Le réalisateur new-yorkais David Siev avait l’intention de faire une sorte de lettre d’amour à sa ville natale, Bad Axe, Michigan. Sa mère américano-mexicaine et son père réfugié cambodgien ont créé leur part du rêve américain en y construisant un restaurant à succès. Au début de la pandémie, Siev a déménagé chez lui. Après que lui et ses sœurs aient assisté à une manifestation Black Lives Matter dans la petite ville à prédominance blanche, les messages menaçants sur les réseaux sociaux et les appels téléphoniques ont commencé. Les habitants étaient furieux lorsque la bande-annonce de son film est tombée et que certains clients ont refusé de porter des masques.

Un appelant a dit à sa mère qu’elle creusait sa propre tombe.

Dans cette scène, la mère de Siev, Rachel, critique son fils comme un étranger en disant : « Tu ne vis pas ici. Tu n’en as aucune idée. »

Siev a déclaré à NPR que les choses étaient presque arrivées au point où sa famille lui avait demandé d’arrêter de faire le documentaire.

« J’avais besoin de tous les membres de la famille à bord et de me permettre de partager notre histoire », a déclaré le réalisateur. « C’est pourquoi il était si important pour moi de collaborer avec ma famille et de garder ma famille impliquée à chaque étape du processus de réalisation de ce documentaire. »

Le processus impliquait de discuter des scènes à inclure ou à exclure du film. C’est un processus que le réalisateur Bing Liu a également utilisé lorsqu’il a réalisé son film, mais pour Liu, les commentaires sur le montage ne sont pas venus de sa famille mais du psychothérapeute qu’il a commencé à voir pendant la réalisation du documentaire.

s’est d’abord concentré sur deux skateurs dans la ville natale de Liu, Rockford, dans l’Illinois. Mais pour amener l’un des sujets à répondre à l’allégation de violence physique de sa petite amie, Liu a partagé sa propre histoire, qui comprend une affirmation selon laquelle son beau-père l’a battu. Lors d’un entretien de deux heures avec sa mère, le réalisateur lui a raconté qu’il avait été battu par son beau-père la première fois qu’ils étaient seuls ensemble.

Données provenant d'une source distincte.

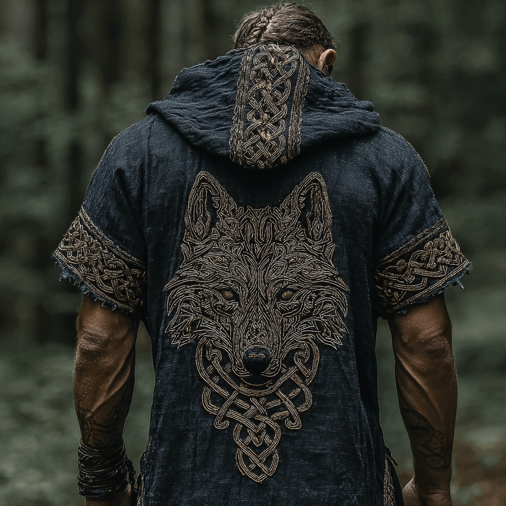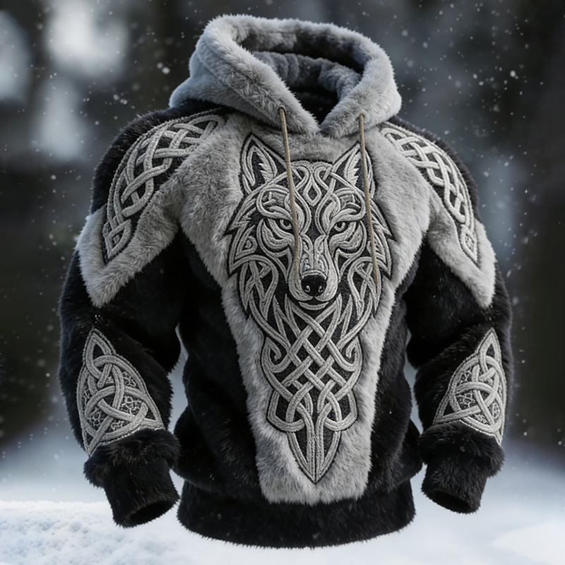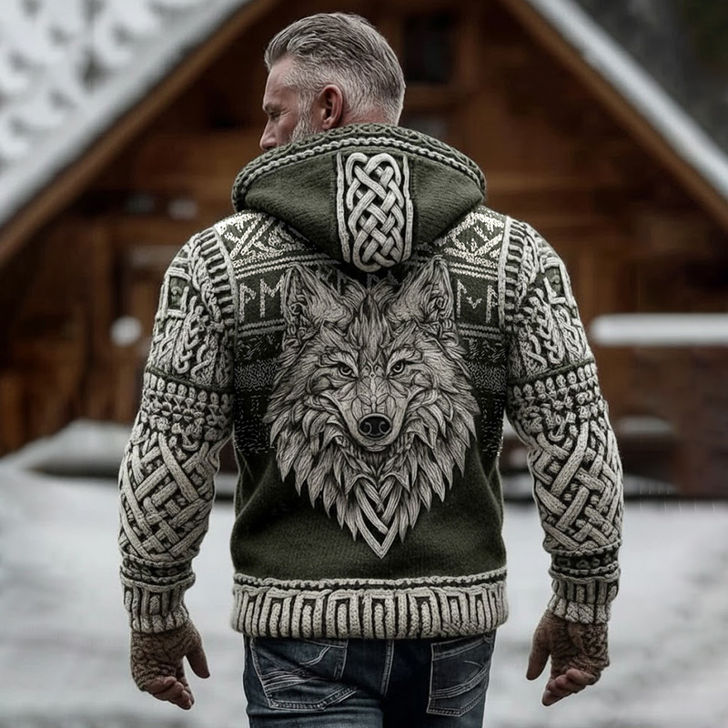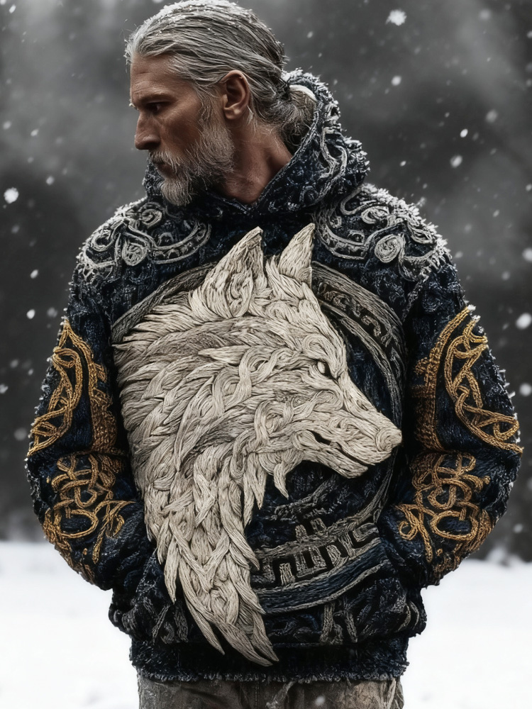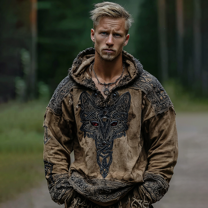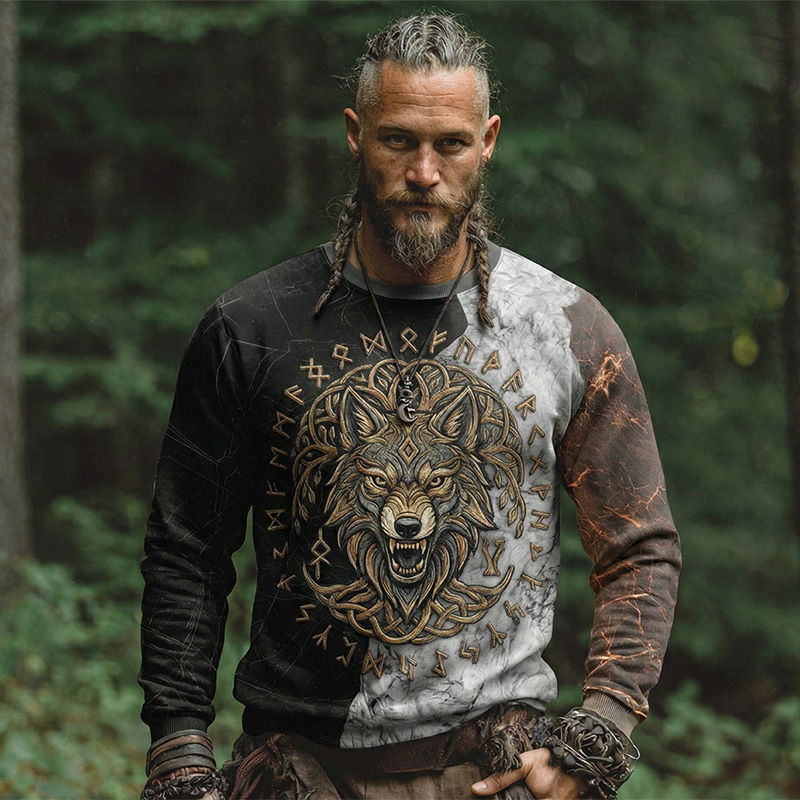 Men's Viking Tribal Jacquard Celtic Wolf Inspired Art Print Long-sleeve T-shirt
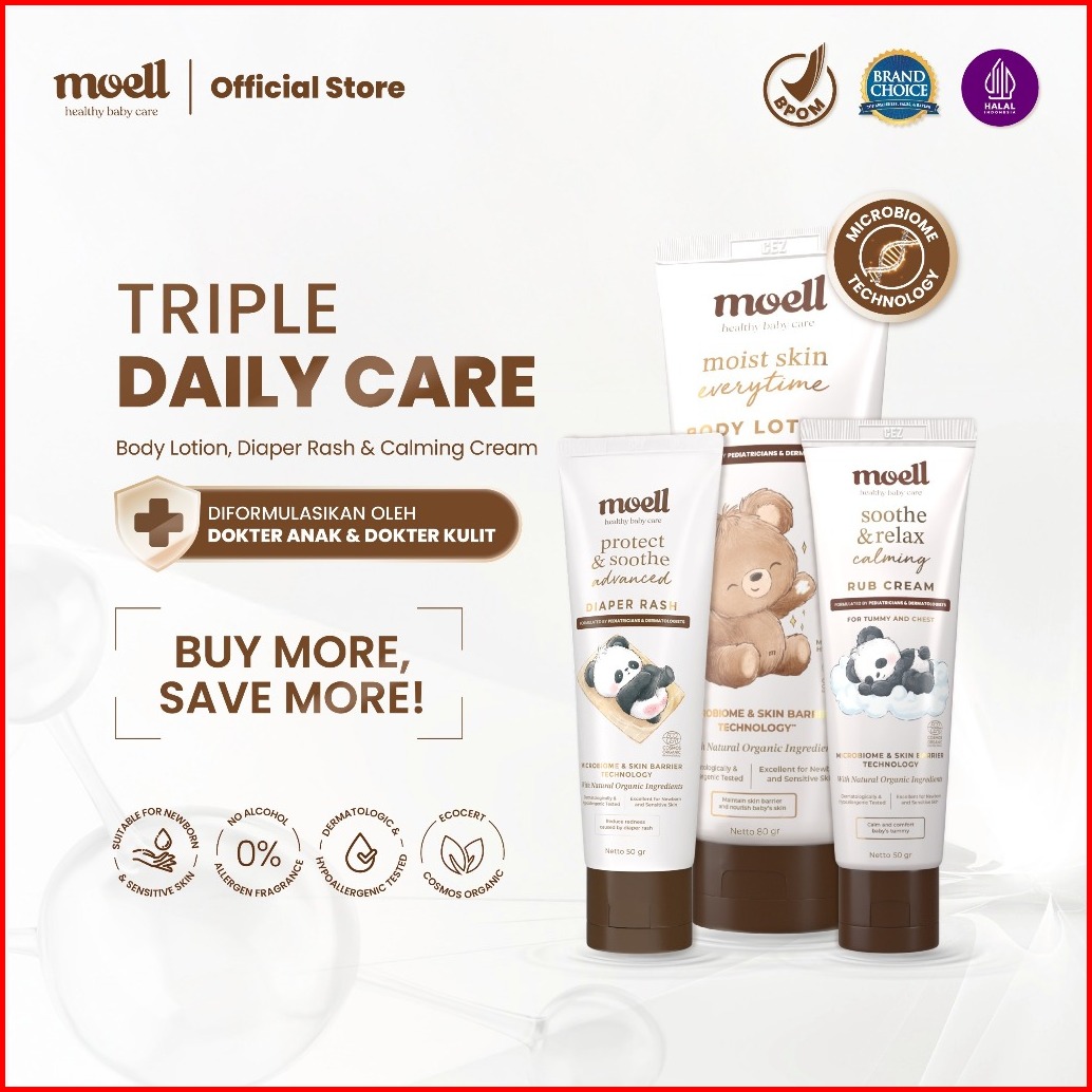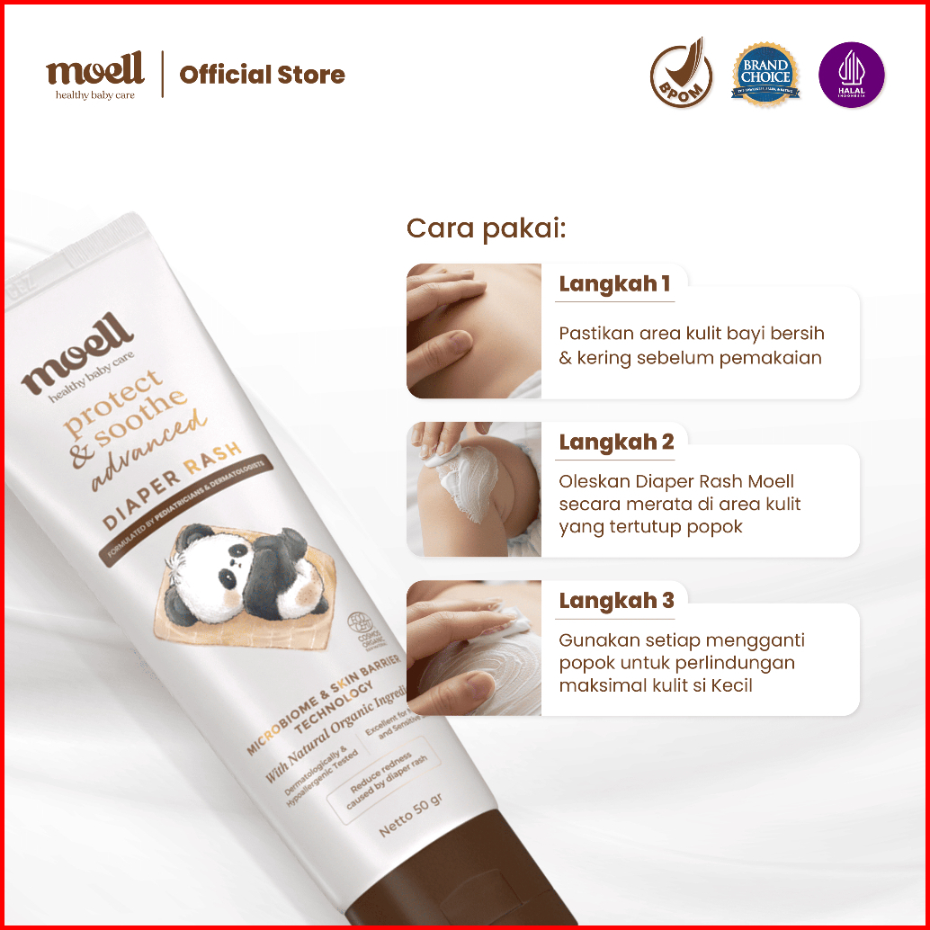 Baru Moell Diaper Rash Advanced 50gr - Krim Popok Redakan Dan Cegah Ruam Popok - Bebas Ruam Nyaman Seharian - Organic Ca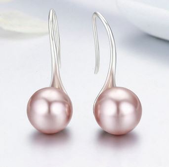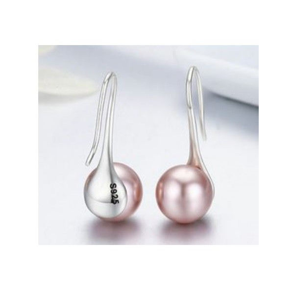 Elegantné strieborné náušnice s veľkou perlou. Jeho priemer je 2,4 cm, váha 3,5 g.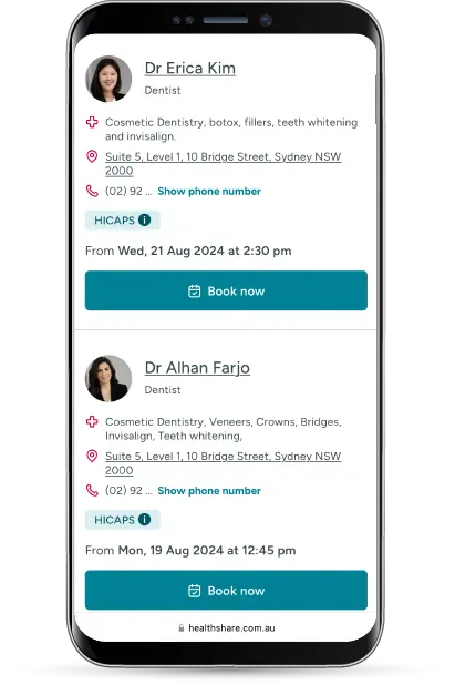 BookNow allows you to reach new patients across two leading health platforms - HealthShare.com.au and HCF's website and app.

« Je ne sais pas quoi dire maintenant », répond la mère de Liu. « J’aimerais pouvoir recommencer et refaire, faire [it] différemment. Mais tout est passé. J’aimerais être plus fort. »

Liu a eu du mal lorsqu’il a essayé de tirer des images de l’interview avec sa mère et s’est rendu compte qu’il avait besoin de quelqu’un qui n’était pas émotionnellement impliqué dans l’histoire. Alors, il s’est tourné vers son monteur vidéo.

« Quand je montais tout seul, je n’étais pas dur avec moi-même dans cette interview », se souvient-il. « Je n’ai pas été dur avec ma mère ou moi. Je ne me suis pas permis de voir que j’étais en train de confronter ma mère jusqu’à ce que cet éditeur vraiment brillant, Josh Altman, entre et me permette de le voir. »

Liu a dit qu’il avait remarqué une augmentation des films où les réalisateurs confrontent leurs parents. Parmi eux, a-t-il dit, il voit ces films comme faisant partie d’un mouvement vers les documentaires en mettant la narration entre les mains des personnes qui font partie de l’histoire.